COLLECTED DATA START

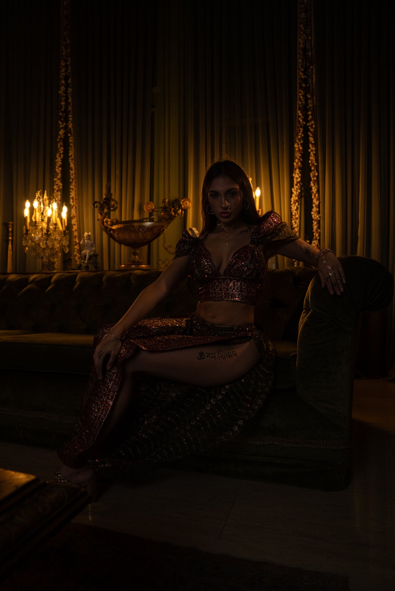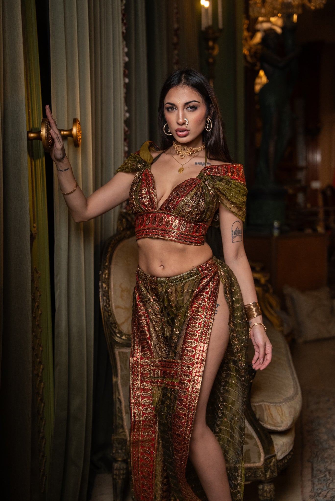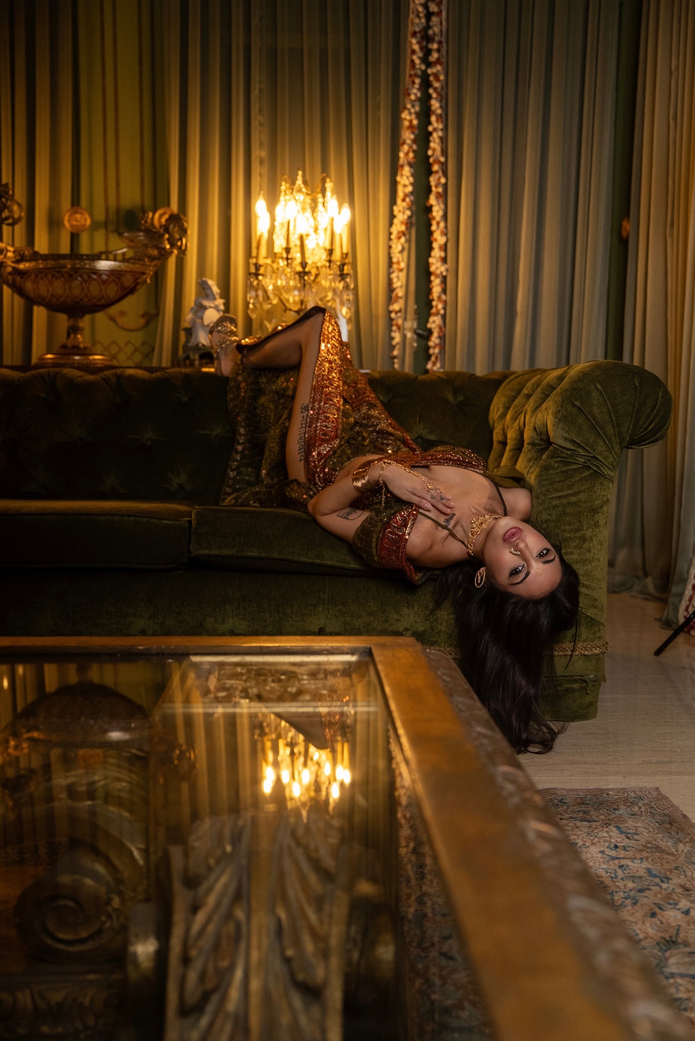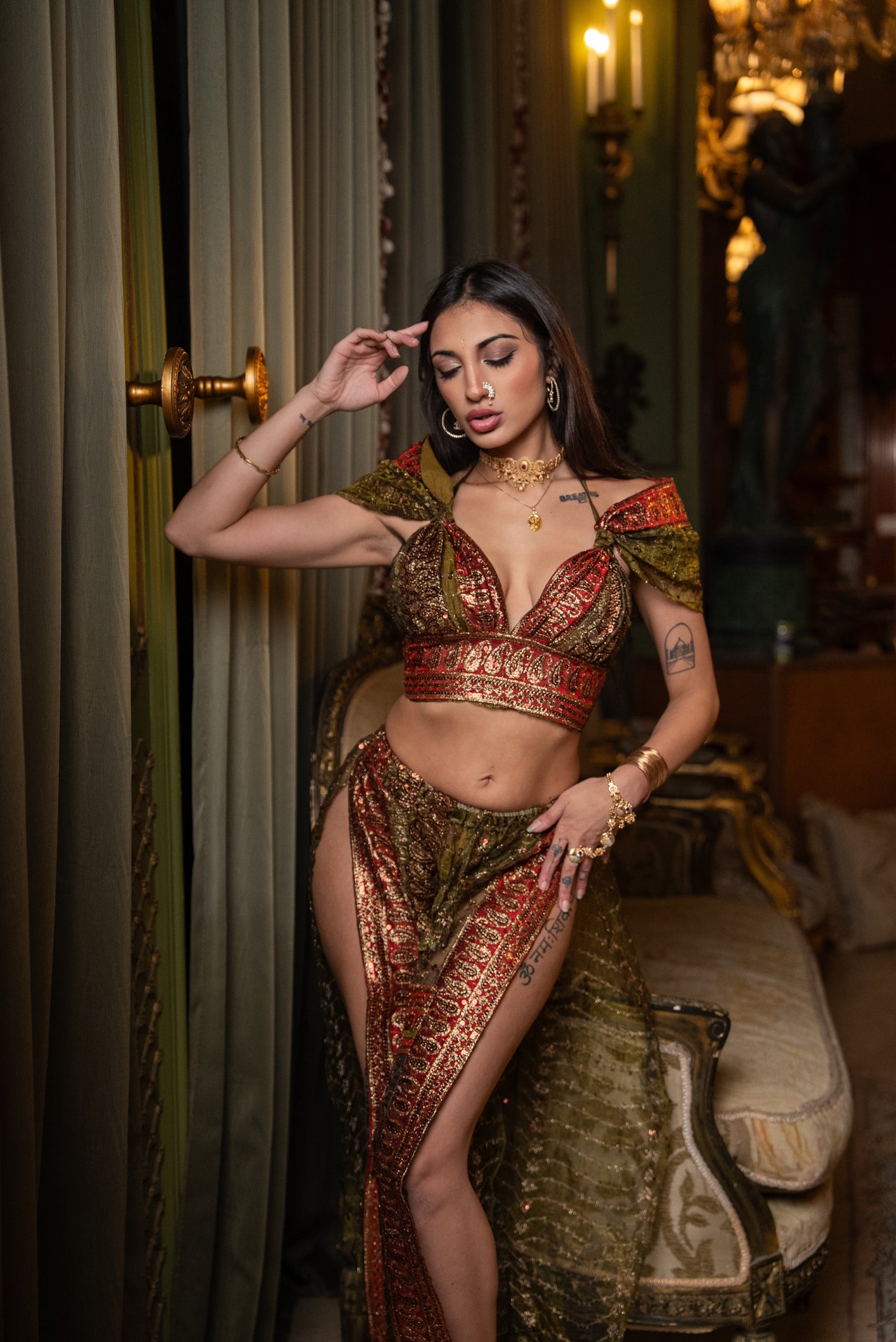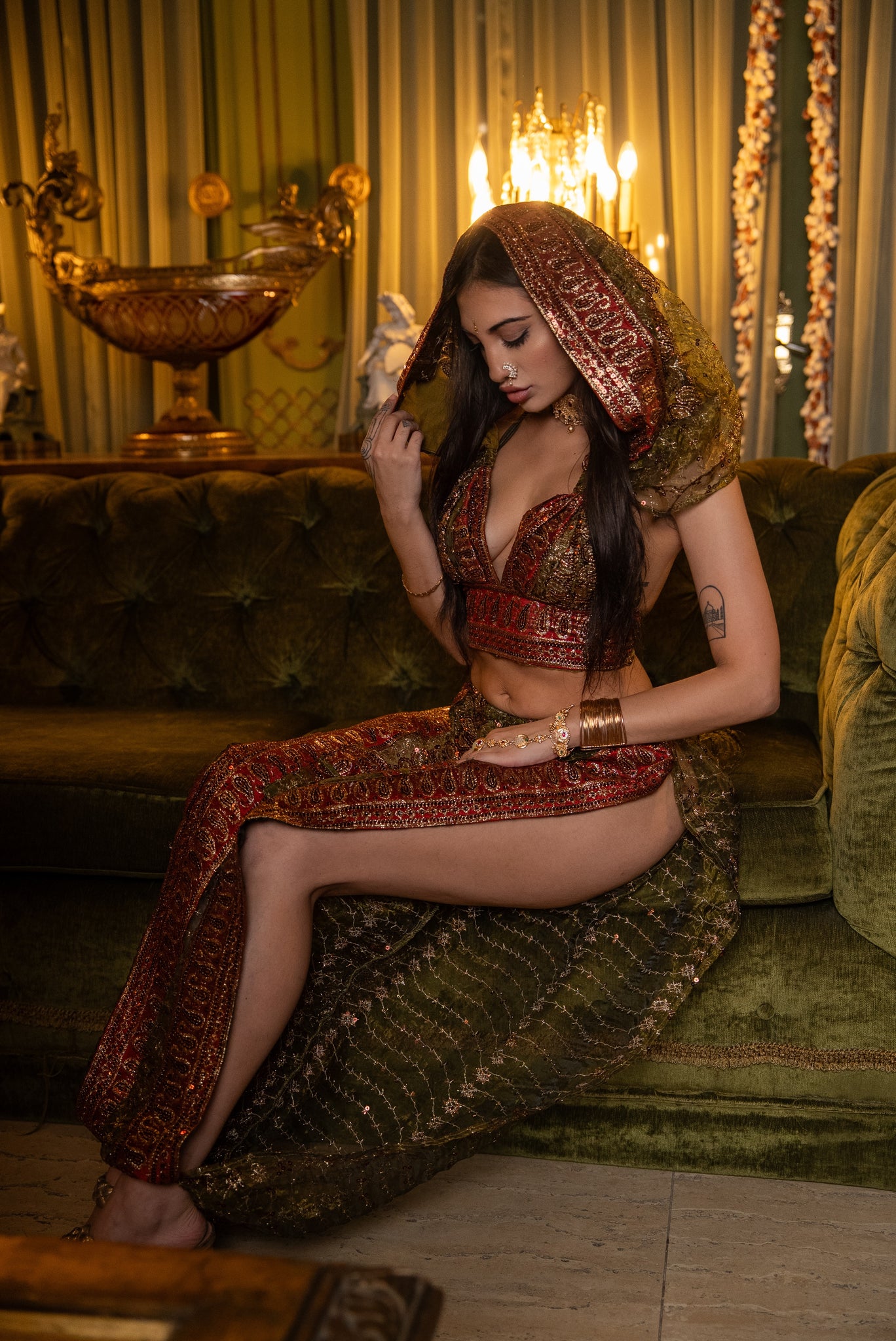 jasmine top features hood or off shoulder jasmine look. top ties behind neck and back to fit custom to your curves.
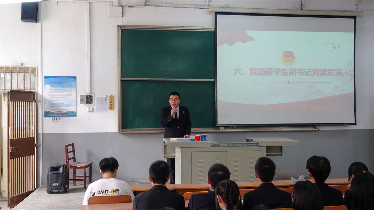辅导员杨慧瑶老师鼓励各位学生干部积极追求进步,为组织增光,为学校添彩。院学生会主席陈润博、院团委学生副书记刘源同学代表学生组织进行了发言。
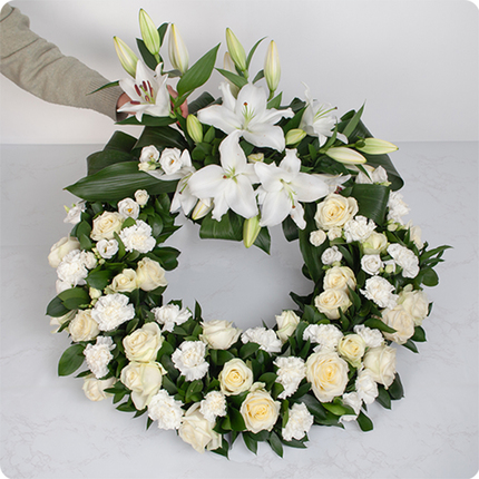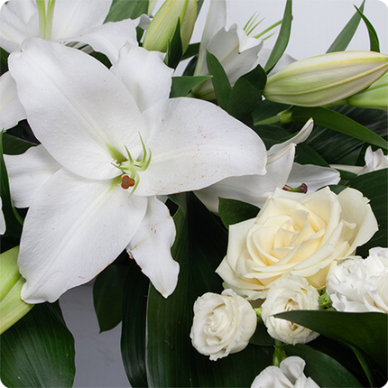 Le lys blanc, symbole de pureté et d’élévation spirituelle, s’associe aux roses crème, pleines de tendresse, pour évoquer des souvenirs lumineux et sincères. Parfaite pour les cérémonies d’obsèques, cette couronne florale offre une présence forte et délicate, portée par une composition soignée et respectueuse.

COLLECTED DATA END

TASK STATEMENT. The expected output is the whole listing, word for word, minus its pictures.

EXPECTED ANSWER.
 jasmine top features hood or off shoulder jasmine look. top ties behind neck and back to fit custom to your curves.
辅导员杨慧瑶老师鼓励各位学生干部积极追求进步,为组织增光,为学校添彩。院学生会主席陈润博、院团委学生副书记刘源同学代表学生组织进行了发言。
 Le lys blanc, symbole de pureté et d’élévation spirituelle, s’associe aux roses crème, pleines de tendresse, pour évoquer des souvenirs lumineux et sincères. Parfaite pour les cérémonies d’obsèques, cette couronne florale offre une présence forte et délicate, portée par une composition soignée et respectueuse.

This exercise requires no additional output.